United States District Court, N.D. Mississippi, Aberdeen Division

September 18, 2018

JEFFREY KLECKNER PETITIONER
v.
ANDREW MILLS RESPONDENT

          MEMORANDUM OPINION AND ORDER

          SHARION AYCOCK UNITED STATES DISTRICT JUDGE.

         Petitioner Jeffrey Kleckner, a Mississippi inmate proceeding pro se, has filed a federal habeas petition pursuant to 28 U.S.C. § 2254 challenging the convictions and sentences that he received in the Circuit Court of Union County, Mississippi, for three counts of sexual battery and one count of touching a child for lustful purposes. Having considered the submissions of the parties, the State-court record, and the law applicable to Kleckner's claims, the Court finds that the petition should be denied.

         I. Background Facts and Procedural History

         In the summer of 2006, AB[1] confided to her cousin, Whitney, that Jeffrey Kleckner, AB's cousin and neighbor, had sexually assaulted her. AB continued to confide in Whitney as she endured additional assaults committed by Kleckner. Whitney eventually disclosed the information to her mother, AB's aunt. AB's aunt contacted AB's parents on Sunday, September 7, 2008, and as a result of that telephone call, AB disclosed to her parents that Kleckner had engaged in inappropriate sexual conduct with her.

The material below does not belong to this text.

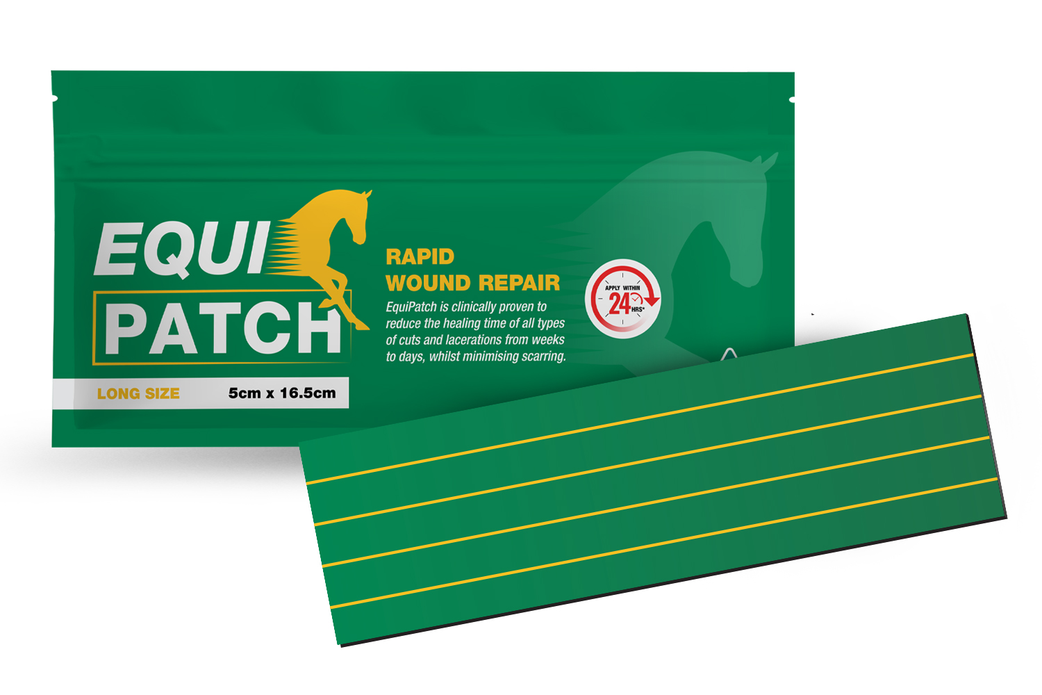 EquiPatch is a reusable silicone dressing clinically proven to reduce the healing time of all types of horse wounds, such as cuts and lacerations, from weeks to days, minimising scarring and proud flesh.

AB's parents contacted the Union County Sheriff's Department, which began an investigation.

         On Tuesday, September 9, 2008, Angie Floyd, a forensic-interview specialist with the Children's Advocacy Center in Tupelo, interviewed AB. After the interview, Roger Garner, an investigator with the Union County Sheriff's Department who was also present during the forensic interview, obtained affidavits and warrants for Kleckner's arrest. Kleckner was arrested at his girlfriend's home in Blue Mountain, Mississippi, on September 10, 2008, and was transported to the Union County Sheriff's Department, where he waived his rights and gave the following statement:

During the summer of 2006 after I got laid off from the furniture factory, I had too much time on my hands. [AB] had come up to my shop on County Road 121 and talked about stuff-the cars, school, boys, and her dad's dogs. The first time I touched her we were in the house playing cards. She is an aggressive and curious girl. I was alone and thinking about stuff and I started to talk to her. I touched her breasts and nipples. I then touched her vagina and I put my finger inside her and rubbed it around. I can't remember if I moved my hand or if she reached for my penis, but she touched my erect penis and I was aroused. I don't know if I made her climax or not. I didn't, I don't think, but the first time she reached out and touched my penis. I remember at one time in the car that I touched her vagina area inside her thigh, but nothing else happened that time. I don't think there were any other times. I told her that she should be careful of boys that might take advantage of her and do more to her. I did not want her to hate me. After this stuff happened, I just stay [sic] away from the family. About a month or so ago, I called to ask about the zoo, but she did not answer.

Doc. #21-4 at 91-92.

         On September 10, 2008, Kleckner was arrested and booked into the Union County Jail, where he remained until he was released on September 19, 2008. He was indicted on October 21, 2008, for three counts of sexual battery and one count of touching a child for lustful purposes.[2] Joe T. Gay entered an appearance as defense counsel on April 27, 2009.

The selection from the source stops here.